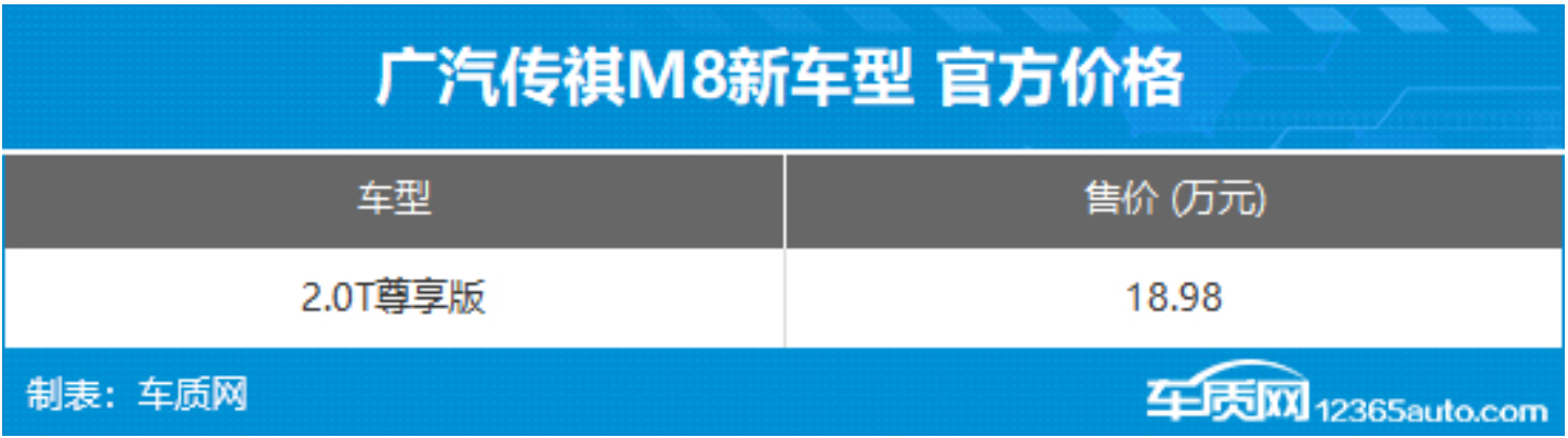 4月8日,广汽传祺2026款M8新增2.0T尊享版正式上市,官方指导价18.98万元,政企双补后低至16.98万元,进一步降低中大型豪华MPV入门门槛。
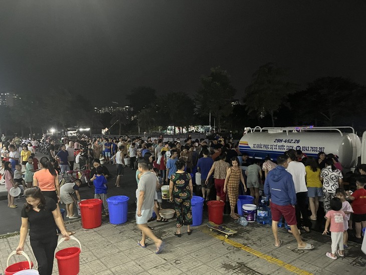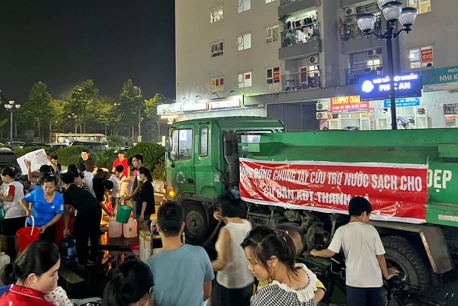 Cho đến tối 22/10, hàng trăm cư dân tại khu đô thị Thanh Hà vẫn phải mang theo thùng, xô, chậu… xếp hàng tại sảnh tòa nhà, đợi xe bồn chuyên dụng mang nước sạch đến cho tới tận khuya. Hơn lúc nào hết, hàng vạn người dân sống tại đây vẫn mong chờ ngày mà nguồn nước sạch đáp ứng đầy đủ cả chất và lượng...
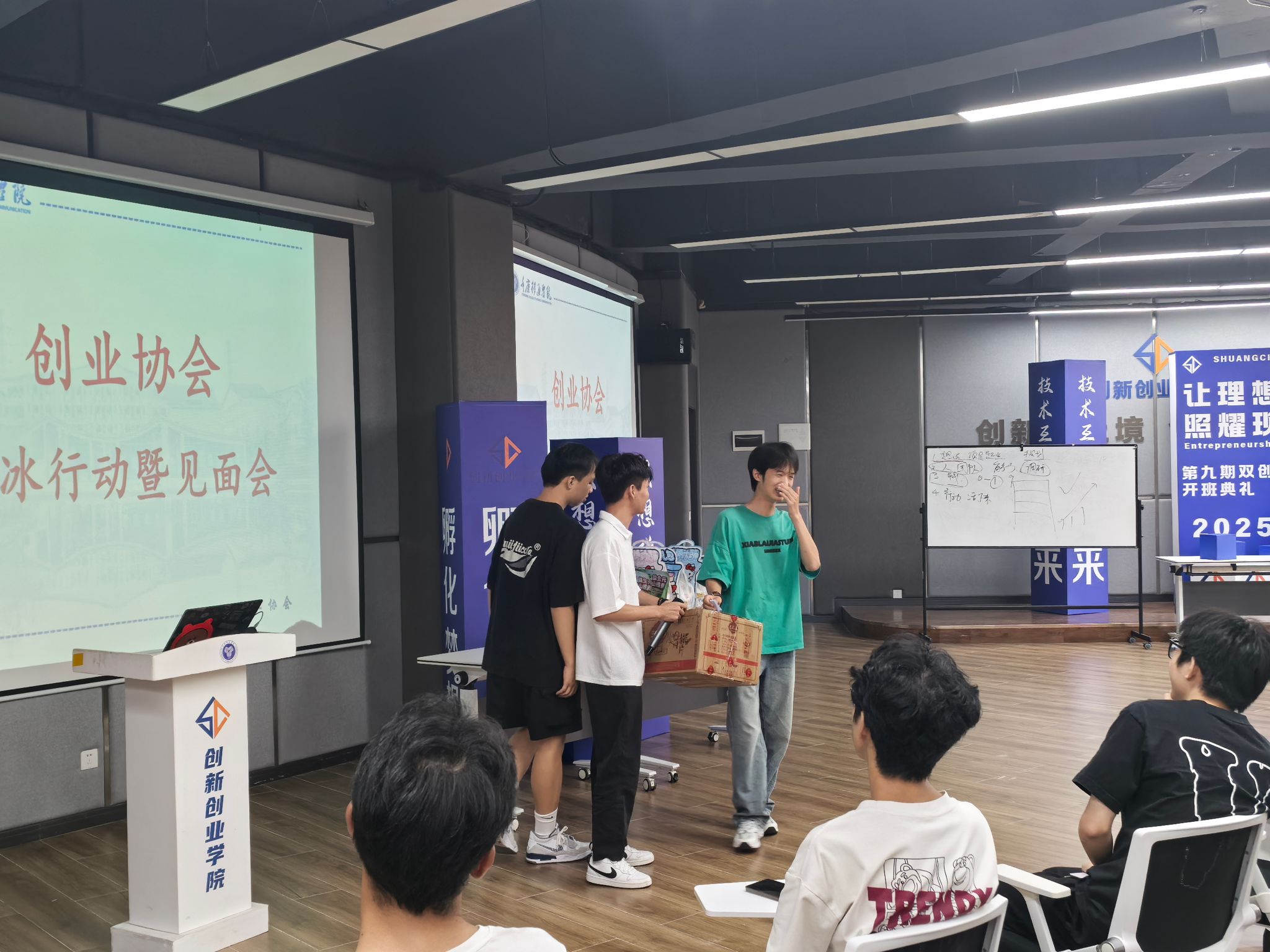 为迅速活跃现场气氛,增进彼此了解,见面会特别设置了轻松愉快的破冰环节。新成员们积极踊跃的进行了自我介绍,并抽取了由创业协会学长学姐们精心准备的纪念礼物。值得一提的是,这些礼物本身正是学长学姐创业项目的成果,这份特别的“传承”极大地激励了新成员们的创业之心。这一环节有效消除了新成员之间的陌生感,会场内充满了欢声笑语。大家或分享个人兴趣特长,或畅谈对创业的初步构想,现场交流融洽,初步建立了深厚的同侪情谊。
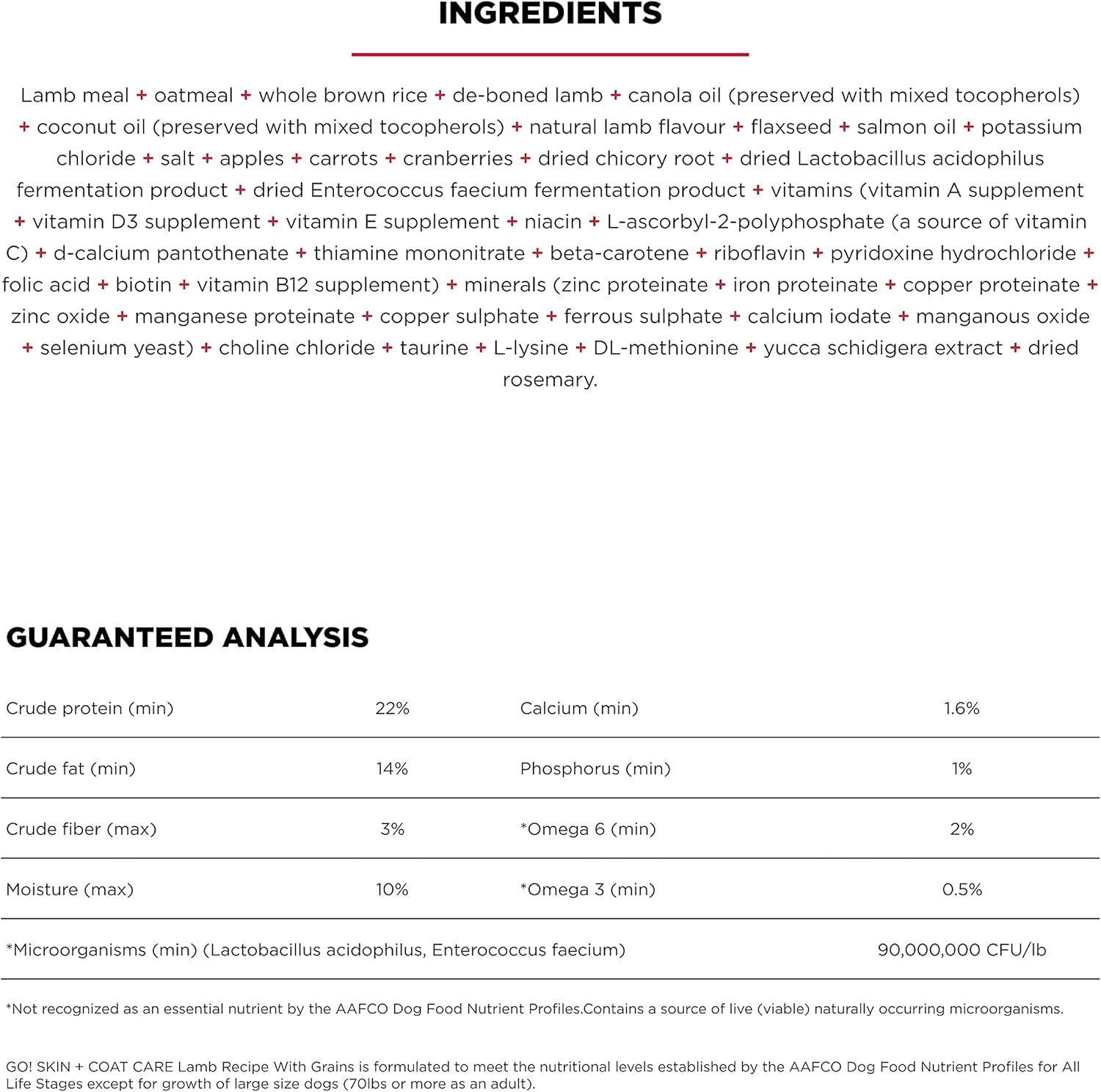 Go! Solutions Skin + Coat Care, Dry Dog Food, Lamb Recipe with Grains

#### WORK REQUIRED
Starting with the line that holds "为迅速活跃现场气氛,增进彼此", reproduce exactly each line up to and including the last line of the material above, and drop the pictures.

#### TASK RESULT
 为迅速活跃现场气氛,增进彼此了解,见面会特别设置了轻松愉快的破冰环节。新成员们积极踊跃的进行了自我介绍,并抽取了由创业协会学长学姐们精心准备的纪念礼物。值得一提的是,这些礼物本身正是学长学姐创业项目的成果,这份特别的“传承”极大地激励了新成员们的创业之心。这一环节有效消除了新成员之间的陌生感,会场内充满了欢声笑语。大家或分享个人兴趣特长,或畅谈对创业的初步构想,现场交流融洽,初步建立了深厚的同侪情谊。
 Go! Solutions Skin + Coat Care, Dry Dog Food, Lamb Recipe with Grains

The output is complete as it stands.